As he spoke the little man seized an oar, leaped overboard, and, after some trouble in steadying himself and pointing the oar in the right direction, struck out for the shore.
It was a long way off, and often, while this scene was being enacted, was heard the bubbling cry of men whose powers were failing them. Some were carried by currents against a point to the westward and, apparently, dashed against the rocks. Others sank before half the distance had been traversed.
Bladud and the captain looked at each other when Maikar had left them.
“Can you swim?” asked the captain. “Like a duck,” returned the prince, “and I can help you if required.”
“I swim like a fish,” returned the captain, “but it is hard to part from my Penelope! She has never failed me till now, and as this venture contains all my goods, I am a ruined man.”
“But your life still remains,” said the prince. “Be of good cheer, captain. A stout man can make his fortune more than once. Come, let us go.”
A loud cry from Maikar at that moment hastened their deliberations.

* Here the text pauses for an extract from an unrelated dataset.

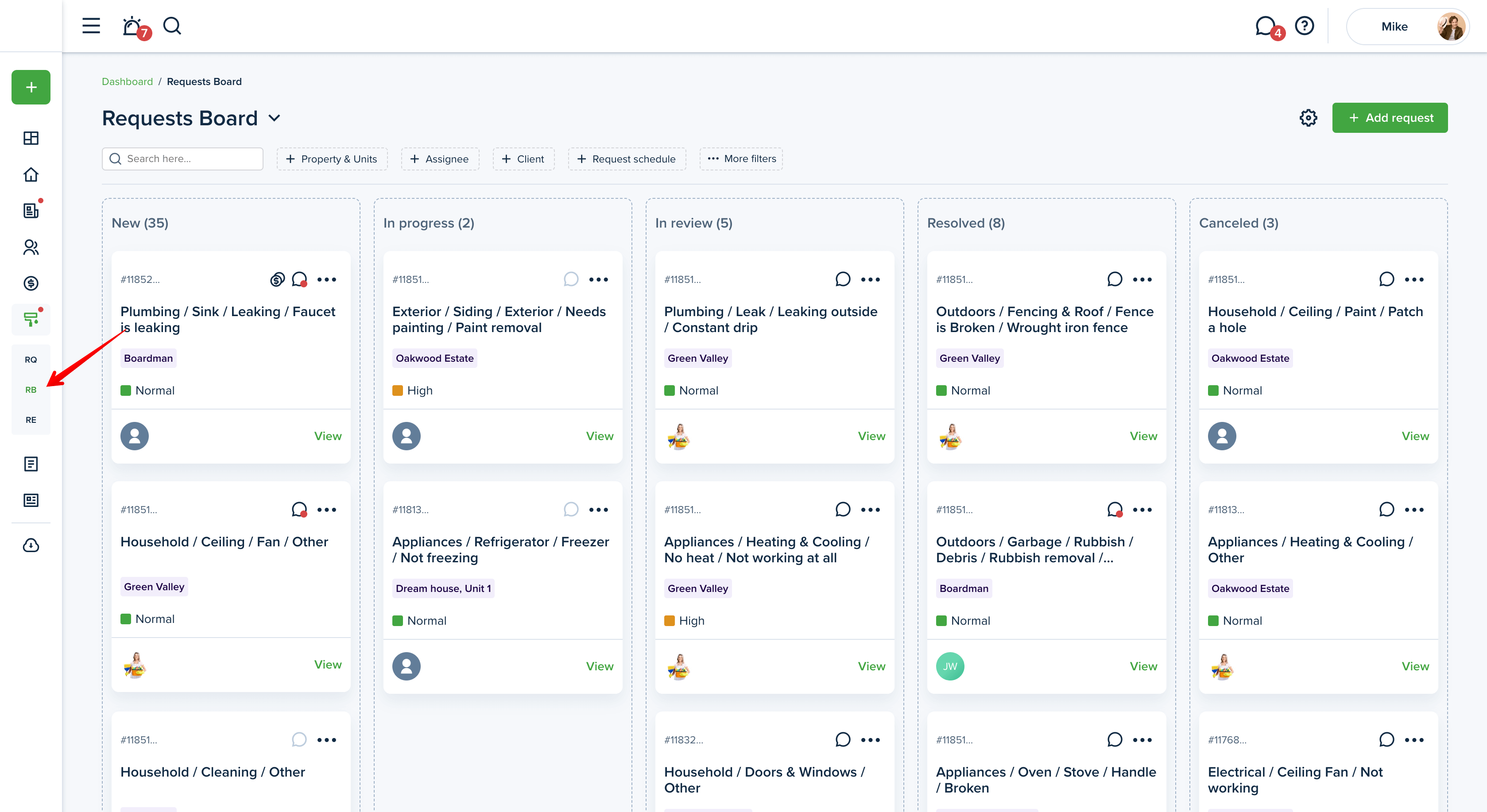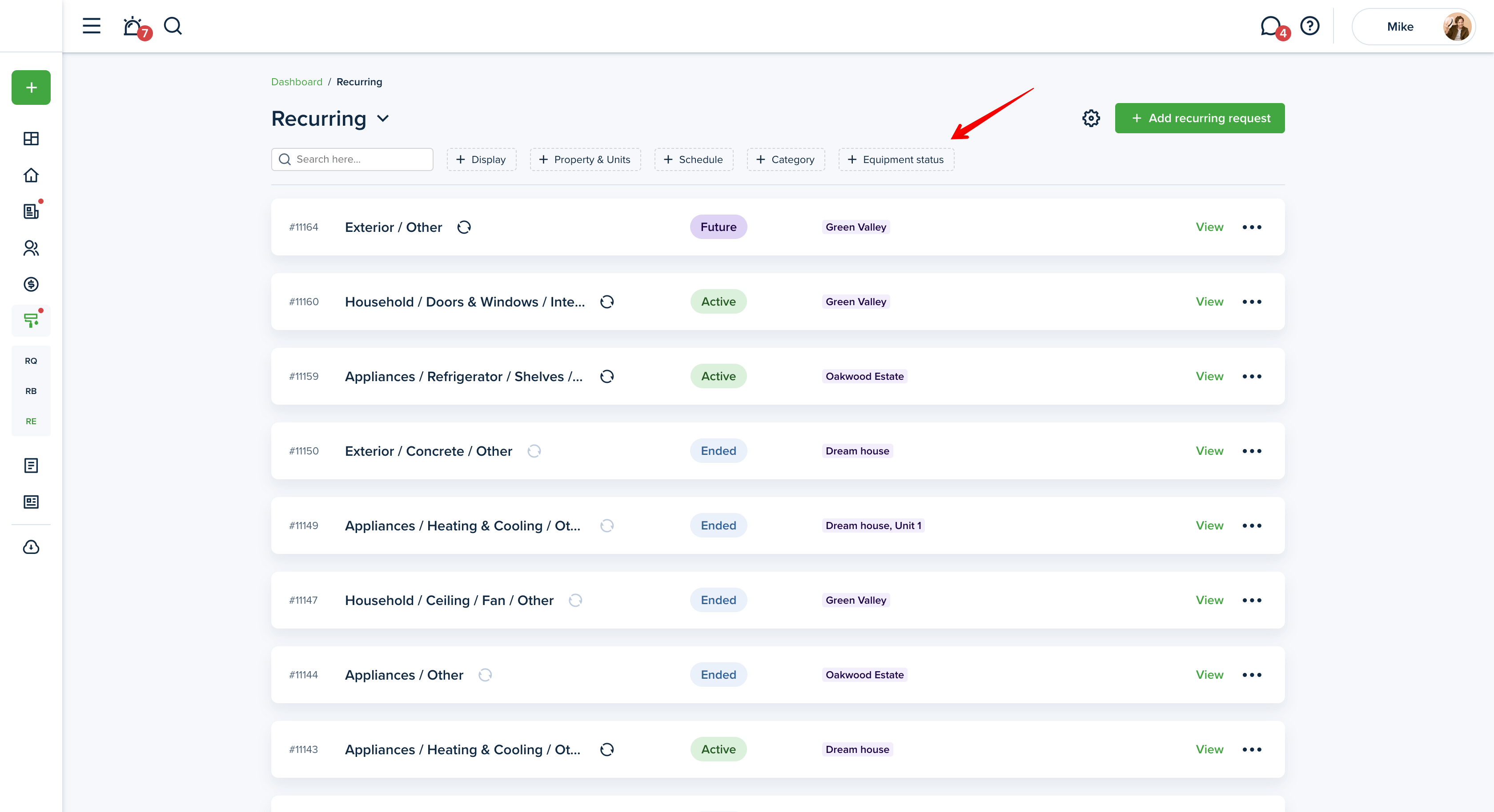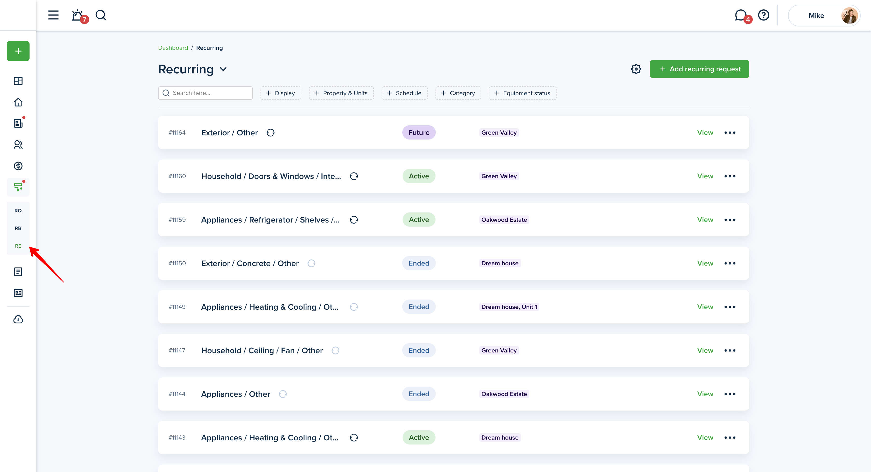 In order to filter your maintenance requests, go to the "Maintenance" section from the left-side menu of your dashboard. You will see three tabs, "Requests", "Requests board'' and "Recurring".

“Are you going to cumber yourself with your weapons?” asked Arkal, as they were about to spring from the side, observing that his friend took up his sword and shield.
“Ay—that am I. It is not a small matter that will part my good sword and me.”
Both men sprang overboard at the same moment, and made for the spot where little Maikar was still giving vent to bubbling yells and struggling with his oar.
Bladud was soon alongside of him, and, seizing his hair, raised him out of the water.
“Got the cramp,” he shouted.
“Keep still, then, and do what I tell ye,” said the prince, in a tone of stern command.
He caught the poor man under the armpits with both hands, turned on his back and drew him on to his chest. Swimming thus on his back, with Captain Arkal leading so as to keep them in the right direction, the three were ultimately cast, in a rather exhausted condition, on the shore of the little bay.